One on one situations were the worst. I still struggle in one on one conversations. I can actually feel myself shutting down. I have a great difficulty even getting my thoughts out. And eye contact is next to impossible. I had to learn to develop a way of faking it. I needed to be busy. Then I had an excuse to look away. If I was unable to appear busy, I would concentrate on repeating a pattern of looking down or to the side and again making eye contact. I only hoped they wouldn’t notice. If I thought that they noticed, my stress would double or even triple. At times, I have actually had to abruptly end a conversation early because I was so overwhelmed.

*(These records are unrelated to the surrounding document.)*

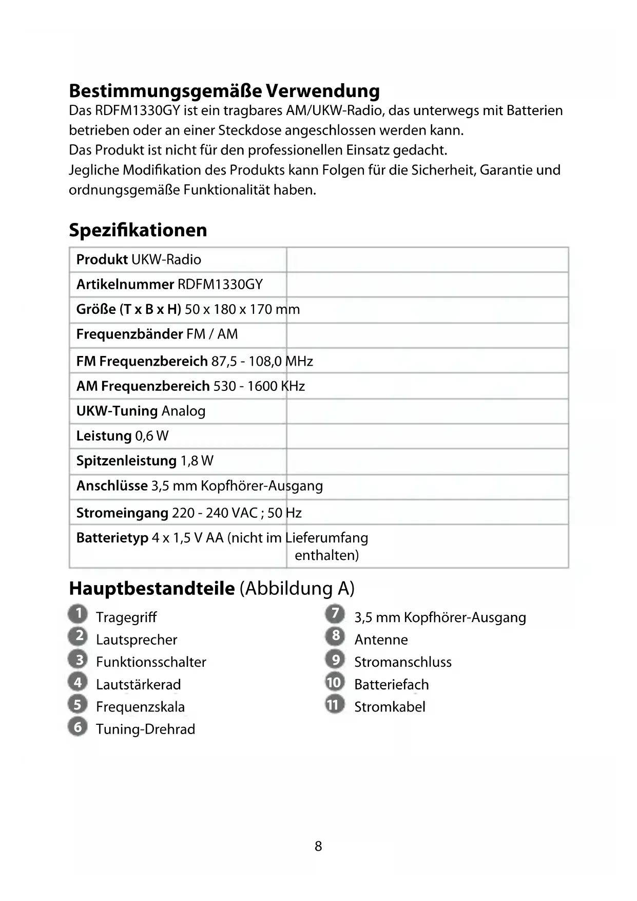 Kurzanleitung UKW-Radio RDFM1330GY Weitere Informationen nden Sie in der erweiterten Anleitung online: ned.is/rdfm1330gy8 Bestimmungsgemäße Verwendung Das RDFM1330GY ist ein tragbares AM/UKW-Radio, das unterwegs mit Batterien betrieben oder an einer Steckdose angeschlossen werden kann. Das Produkt ist nicht für den professionellen Einsatz gedacht. Jegliche Modikation des Produkts kann Folgen für die Sicherheit, Garantie und ordnungsgemäße Funktionalität haben. Spezikationen Produkt UKW-Radio Artikelnummer RDFM1330GY Größe (T x B x H) 50 x 180 x 170 mm Frequenzbänder FM / AM FM Frequenzbereich 87,5 - 108,0 MHz AM Frequenzbereich 530 - 1600 KHz UKW-Tuning Analog Leistung 0,6 W Spitzenleistung 1,8 W Anschlüsse 3,5 mm Kopfhörer-Ausgang Stromeingang 220 - 240 VAC ; 50 Hz Batterietyp 4 x 1,5 V AA (nicht im Lieferumfang enthalten) Hauptbestandteile (Abbildung A)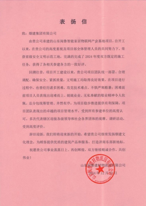 2024年12月12日,濟(jì)南公司承建的山東閩魯智能家居物聯(lián)網(wǎng)產(chǎn)業(yè)基地項目收到山東閩魯建材物流園有限公司發(fā)來的表揚(yáng)信。山東閩魯智能家居物聯(lián)網(wǎng)產(chǎn)業(yè)基地項目作為濟(jì)南市重點工程,深受各級領(lǐng)導(dǎo)和社會各界的關(guān)注,在公司領(lǐng)導(dǎo)大力支持和項目部全體人員共同努力下,圓滿完成了2024年度既定施工任務(wù),為建設(shè)單位展示良好品牌形象、提升區(qū)域市場影響力筑穩(wěn)了基礎(chǔ),獲得了各相關(guān)參建方的一致好評。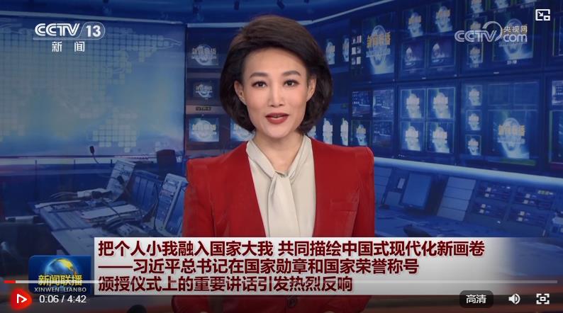 央視網消息(新聞聯播):習近平總書記在國家勛章和國家榮譽稱號頒授儀式上的重要講話在社會各界引發熱烈反響。大家表示,總書記的重要講話鼓舞人心、催人奮進,新征程上要胸懷強國之志,錘煉強國之技,勇建強國之功,勠力同心、開拓進取,共同譜寫人民共和國更加絢麗精彩的新篇章。

Then there was other times when the conversation flowed effortlessly. It was like a light switch that I couldn’t always find. But when it was on, I didn’t want the conversation to end. I didn’t want to go back to how I felt before. So those times, when I could make someone laugh, were like a drug for me. But unfortunately that drug didn’t always work. There were too many variables. But get me in the right mood, at the right time, with the right people and I would almost explode with energy and personality.

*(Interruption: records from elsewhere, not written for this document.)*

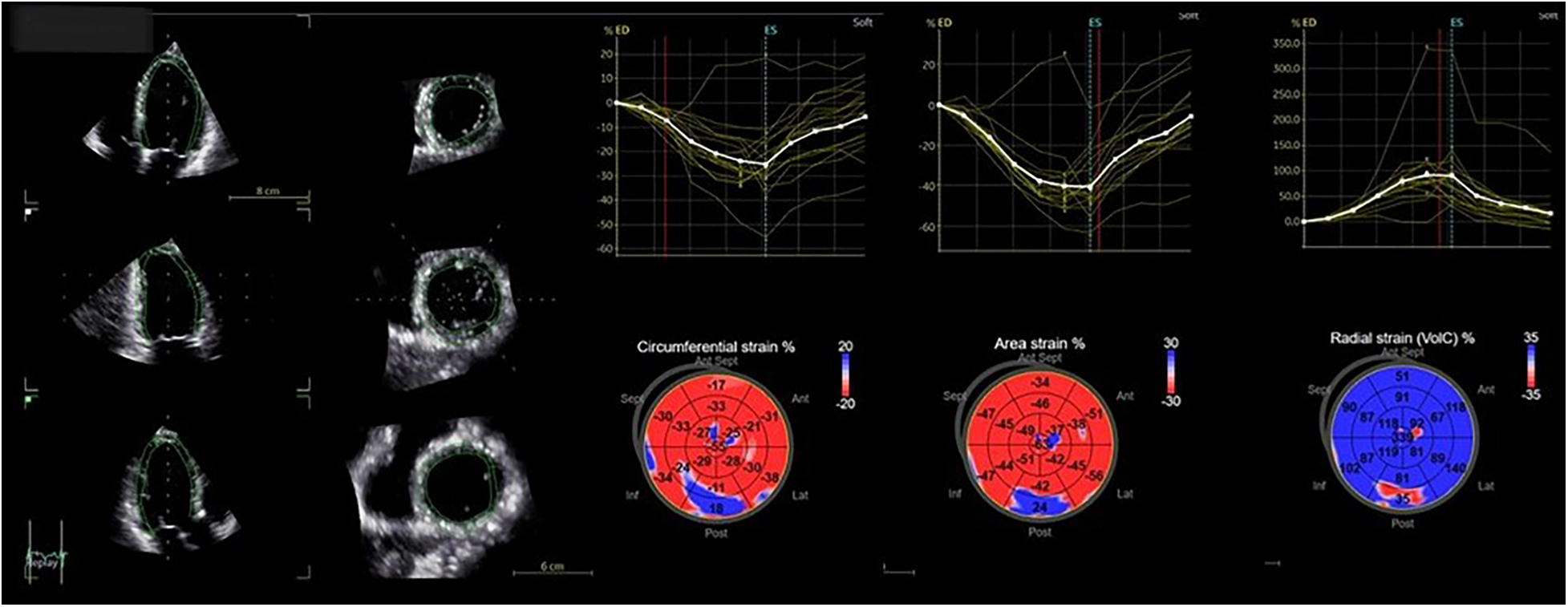 Advanced LV assessment and 4D strain analysis values were performed with the dedicated AutoLVQ application, using a full-volume apical four-chamber view, focused on the LV, with a frame rate of >25 vps. Global LV strain values were overall normal. The longitudinal strain was measured at −21%, circumferential strain at −20%, radial strain at 69%, and area strain at −40%. The strain values of the basal inferolateral segment were reduced, confirming the presence of the fibrosis detected in the MRI examination of the patient. The segmental radial strain was measured at 35% (normal values at 43.2 ± 4.5%), area strain at 24% (−36.5 ± 3.9%) (with adjacent segmental values of −47 and −56%), and circumferential strain at 18% (−30.3 ± 4.0%), while the longitudinal strain was preserved at −22% (−21 ± 0.6%) due to the hyperdynamic motion of the basal posterior wall (16) (Figure 3).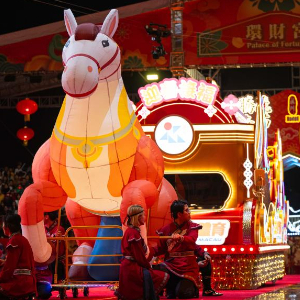 2月19日,澳门旅游局举办“骏马腾飞 欢乐春节 2026农历新年花车汇演”。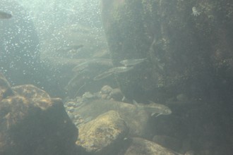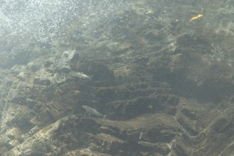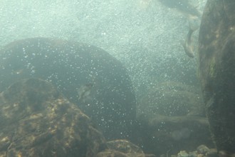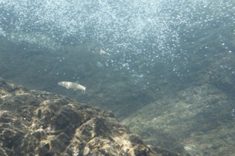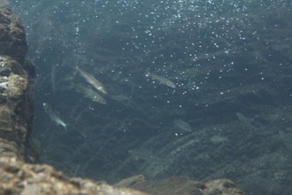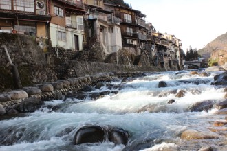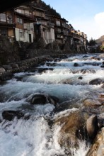 / 川,岩石,しぶき,建物,山,植物,空,雲,木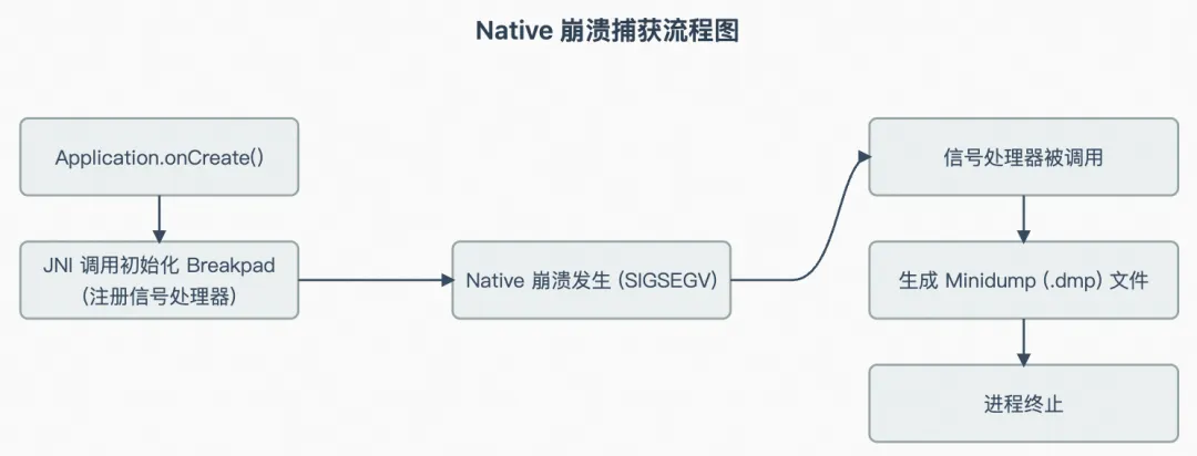 2. 崩溃发生 :当 Native 崩溃发生时,信号处理器会捕获它,并将一个 .dmp (minidump) 文件写入指定目录。
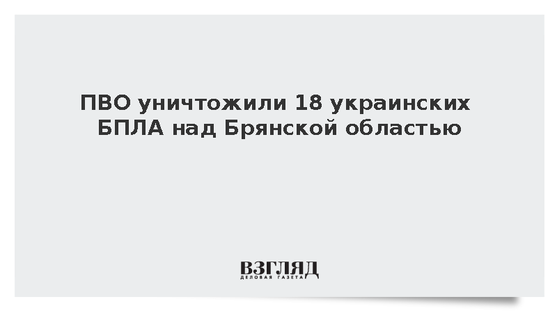 Силы ПВО РФ за сутки уничтожили 18 беспилотников в небе над Брянской областью, сообщил губернатор Богомаз, уточнив, что пострадавших и разрушений нет.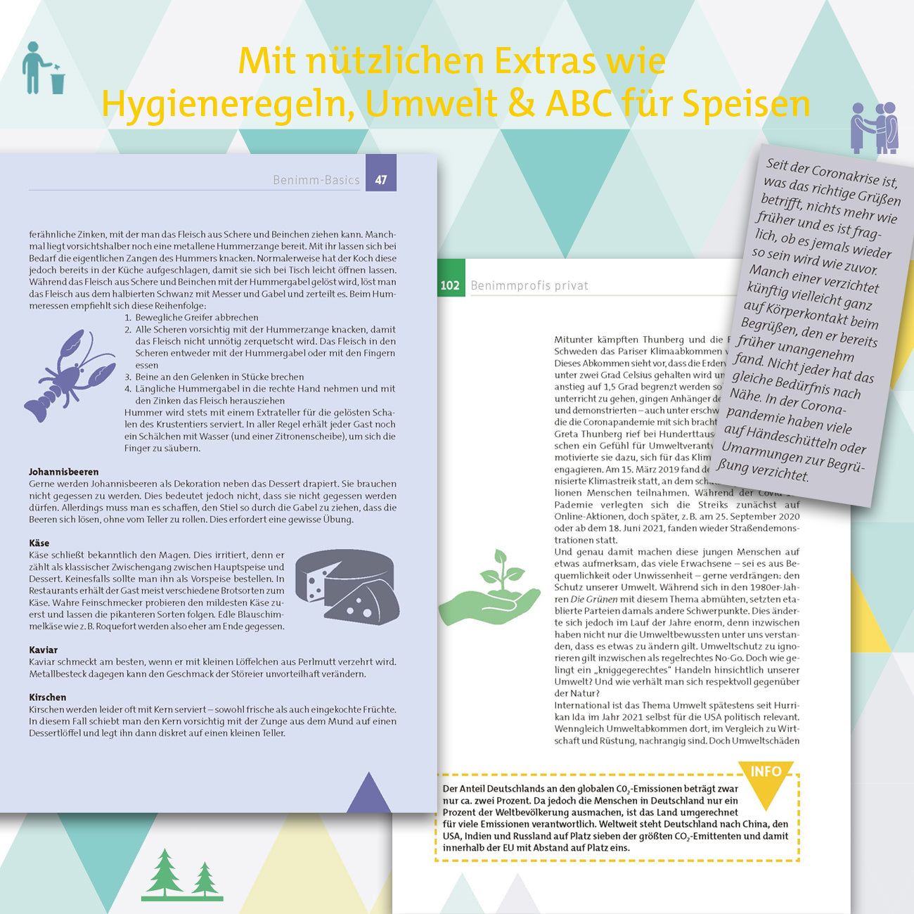 - Nützliches Extra: Neu sind die beiden Bereiche Hygiene und Umwelt. Wie verhält man sich bei einem Ausflug in die Natur korrekt und darf man jemand anderes auf sein/ihr fehlerhaftes Verhalten in Sachen Umweltschutz hinweisen?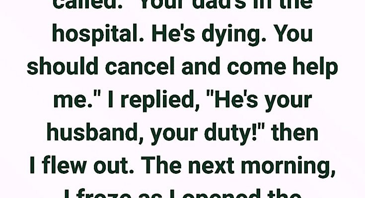 I answered coldly, “He’s your husband, your duty.” Then I got on the plane.

There have only been a very few select people that I have ever been able to be myself around. If you are one of them, I’m not sure what set you apart. For whatever reason, there was something about you that I found comforting enough to make me relax.

That is anything but the norm. Deep within, no matter what anyone has told me to the contrary, I have always felt like I was not enough, as if I, like Robin Williams, had to be “me plus” to be accepted. I felt inferior and nothing anyone could say or do would change my mind. I couldn’t change it. It clung to me like a cancer. And it grew and grew. As soon as I found a way to deal with any one of my insecurities, another would fill the void. I felt powerless.

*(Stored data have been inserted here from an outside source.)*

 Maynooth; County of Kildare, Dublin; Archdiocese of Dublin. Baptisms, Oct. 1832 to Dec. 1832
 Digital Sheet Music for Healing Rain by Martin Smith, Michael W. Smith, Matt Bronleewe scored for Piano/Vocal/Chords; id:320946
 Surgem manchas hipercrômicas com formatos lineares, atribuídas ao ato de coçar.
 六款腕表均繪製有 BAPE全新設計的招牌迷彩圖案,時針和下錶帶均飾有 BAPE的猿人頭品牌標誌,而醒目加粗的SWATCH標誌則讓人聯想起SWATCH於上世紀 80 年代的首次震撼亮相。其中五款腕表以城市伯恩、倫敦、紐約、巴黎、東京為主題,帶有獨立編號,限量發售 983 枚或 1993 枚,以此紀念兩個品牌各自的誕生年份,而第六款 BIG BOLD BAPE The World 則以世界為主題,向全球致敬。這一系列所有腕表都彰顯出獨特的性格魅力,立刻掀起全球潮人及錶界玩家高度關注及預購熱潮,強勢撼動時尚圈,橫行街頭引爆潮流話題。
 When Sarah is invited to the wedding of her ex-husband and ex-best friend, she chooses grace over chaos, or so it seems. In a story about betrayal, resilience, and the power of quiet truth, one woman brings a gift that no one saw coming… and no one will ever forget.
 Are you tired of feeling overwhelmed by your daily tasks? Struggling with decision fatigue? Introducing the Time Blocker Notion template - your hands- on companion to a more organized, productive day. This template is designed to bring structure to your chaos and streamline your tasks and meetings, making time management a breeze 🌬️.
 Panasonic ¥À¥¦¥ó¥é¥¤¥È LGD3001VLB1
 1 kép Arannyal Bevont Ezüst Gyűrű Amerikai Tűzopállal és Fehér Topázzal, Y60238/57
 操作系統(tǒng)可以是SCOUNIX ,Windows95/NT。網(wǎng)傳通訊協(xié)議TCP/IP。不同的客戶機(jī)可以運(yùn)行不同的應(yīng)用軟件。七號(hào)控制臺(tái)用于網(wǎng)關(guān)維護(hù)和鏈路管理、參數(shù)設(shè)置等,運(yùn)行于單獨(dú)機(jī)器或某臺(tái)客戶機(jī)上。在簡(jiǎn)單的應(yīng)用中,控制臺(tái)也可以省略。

So God entered in and changed everything, right? No. In fact, becoming a believer brought along new insecurities. How could a Christian feel this way? I began comparing myself to other Christians. The more I did, the worse I felt. I doubted my salvation all the time. I wished I was never born. I felt as if everything I did was a failure. I was even convinced that no one would even care if I was gone. I felt so insignificant.

So, here is the part where I tell you how some life changing moment turned everything around and I am all better. *Poof* Insecurities gone. Loneliness gone. Anxiety gone. Sorry, but that isn’t the case. I have good days and bad days and really bad days.

But one thing has changed. My view of God. I am thoroughly convinced that He loves me. I don’t know why, but I know that I would not be here to post this without His love. I no longer feel like such a massive disappointment to God. I still struggle with how I feel others see me, but I know God loves me, right here where I am. He is breaking down walls in my life. He forcing me to face my fears. He is leading me out of my comfort zone. And He is walking each painful step with me.

I have not overcome. I am overcoming. I am learning to trust God with things, unimaginable just a few years ago. Some say God is a crutch. I say no. He is an electric wheelchair. I am paralyzed without Him. He is my everything. I can’t breathe without Him. I need Him every second of every day. He is my dad and He loves me, even when I can’t love myself.

If you don’t get that, I am not being condescending, but I truly feel sorry for you. God is the best thing that has ever happened to me. He has given me an amazingly understanding, encouraging and loving wife and four incredible children that I cannot imagine living without.
God has been an undescribable blessing to me. I only hope that you will let Him be the same for you.

Jerry

I'm the husband to my wonderful wife of nearly 20 years, Jenn, and father to four amazing boys, 14, 12, 10, and 8. I have been blessed with the same two jobs for nearly 14 years that allow my wife to stay home and homeschool our children. Some of my favorite things to do include studying the Bible, spending time with my family, watching movies and shows on Netflix with the fam, watching football on TV, and checking out baseball stats online. Getting saved is the most important event of my life. Being a faithful husband and sharing Christ with others are my highest callings. It is my utmost desire for all to learn the truth of God's love.